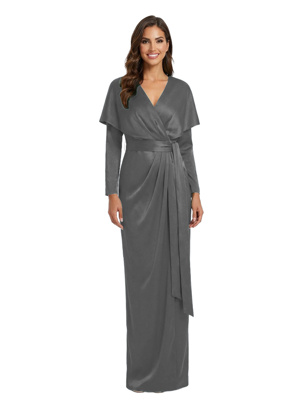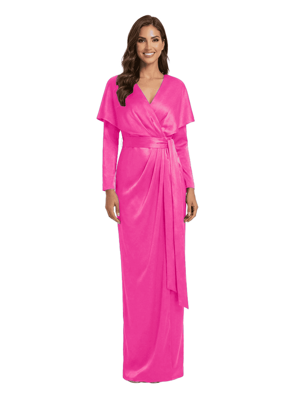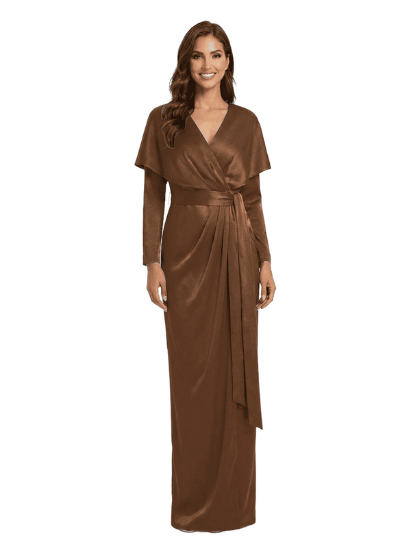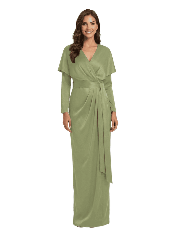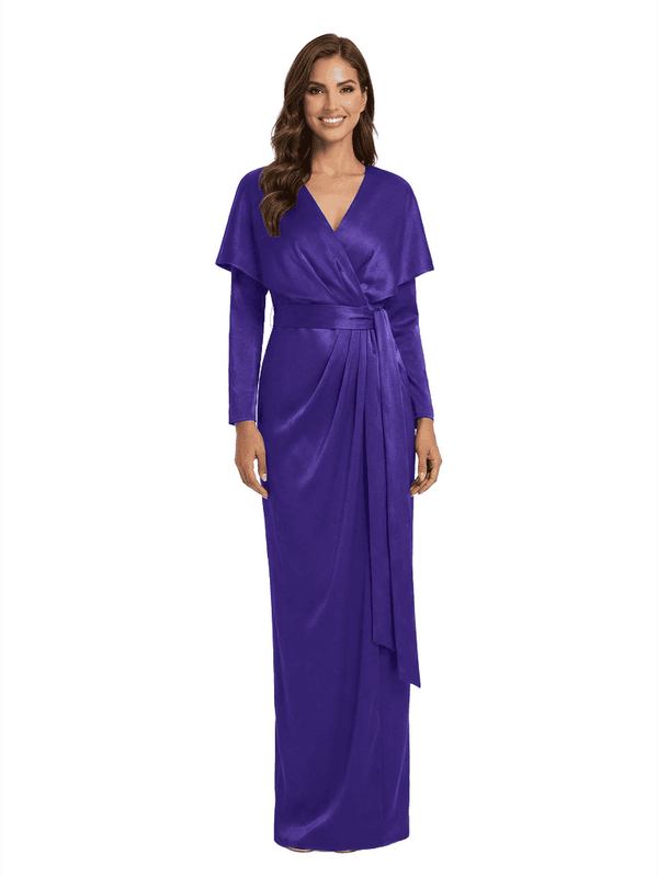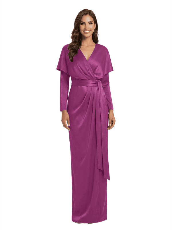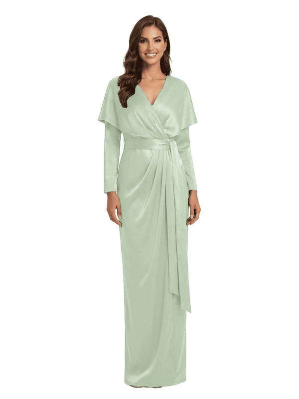 Chicsew Mother of The Bride Dresses V-Neck Long Sleeve Satin Capelet Maxi Gown Classy Belted Formal Wedding Event Attire
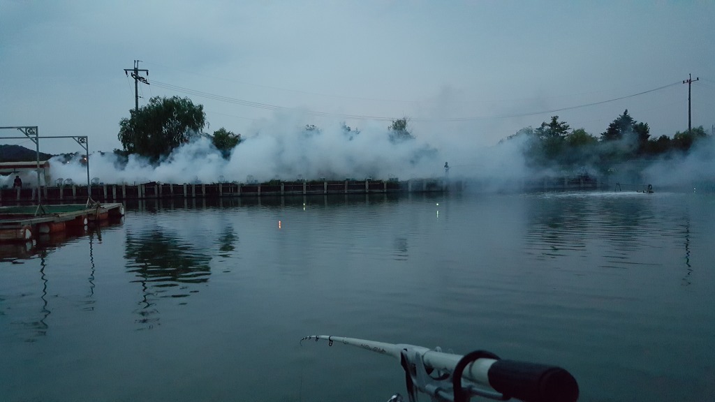 ㅜㅜ 매캐한 연기로 온 낚시터가 가득 찼다.
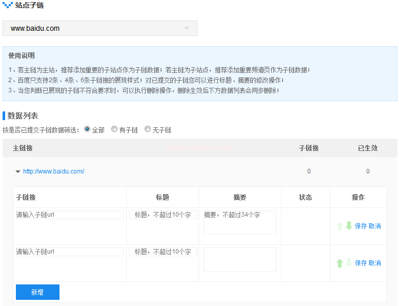 3、支持對子鏈的排序和編輯:支持對已提交的子鏈進行標題、摘要的修改及刪除操作;并可對提交的子鏈進行排序,百度將會根據排序和用戶需求確定最終的展現順序。
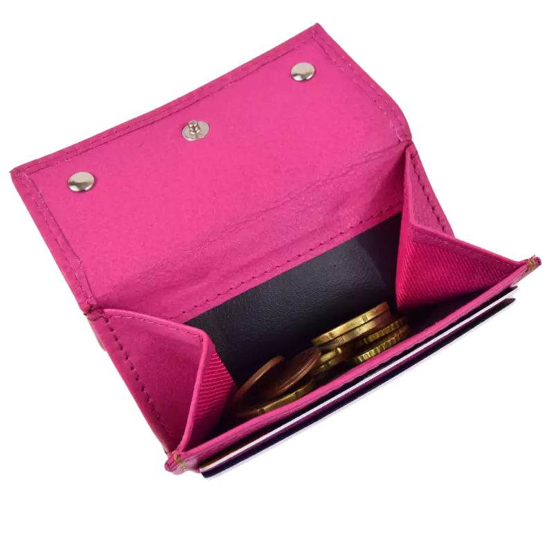 Ciò che lo rende così compatto è la sua composizione a doppia apertura, in cui da una parte si trova lo spazio per riporre le banconote e girandolo si ha il portamonete con integrato i porta tessere.
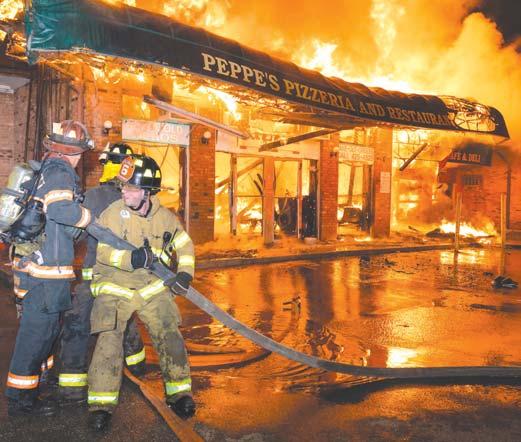es were also threatened by the growing blaze. Starting with a defensive attack on the involved stores, additional companies concentrated on interioroperations on the uninvolved businesses. With the help of fire walls on eitherside, the main body of fire was held to the originally involved pizza and bagel stores. The cause of the fire was underinvestigation.

| What to do |
With all pictures left out, please transcribe exactly the lines from the start of the material through the line with "3、支持對子鏈的排序和編輯:支持對已提交".

| Result for this task |
 Chicsew Mother of The Bride Dresses V-Neck Long Sleeve Satin Capelet Maxi Gown Classy Belted Formal Wedding Event Attire
 ㅜㅜ 매캐한 연기로 온 낚시터가 가득 찼다.
 3、支持對子鏈的排序和編輯:支持對已提交的子鏈進行標題、摘要的修改及刪除操作;并可對提交的子鏈進行排序,百度將會根據排序和用戶需求確定最終的展現順序。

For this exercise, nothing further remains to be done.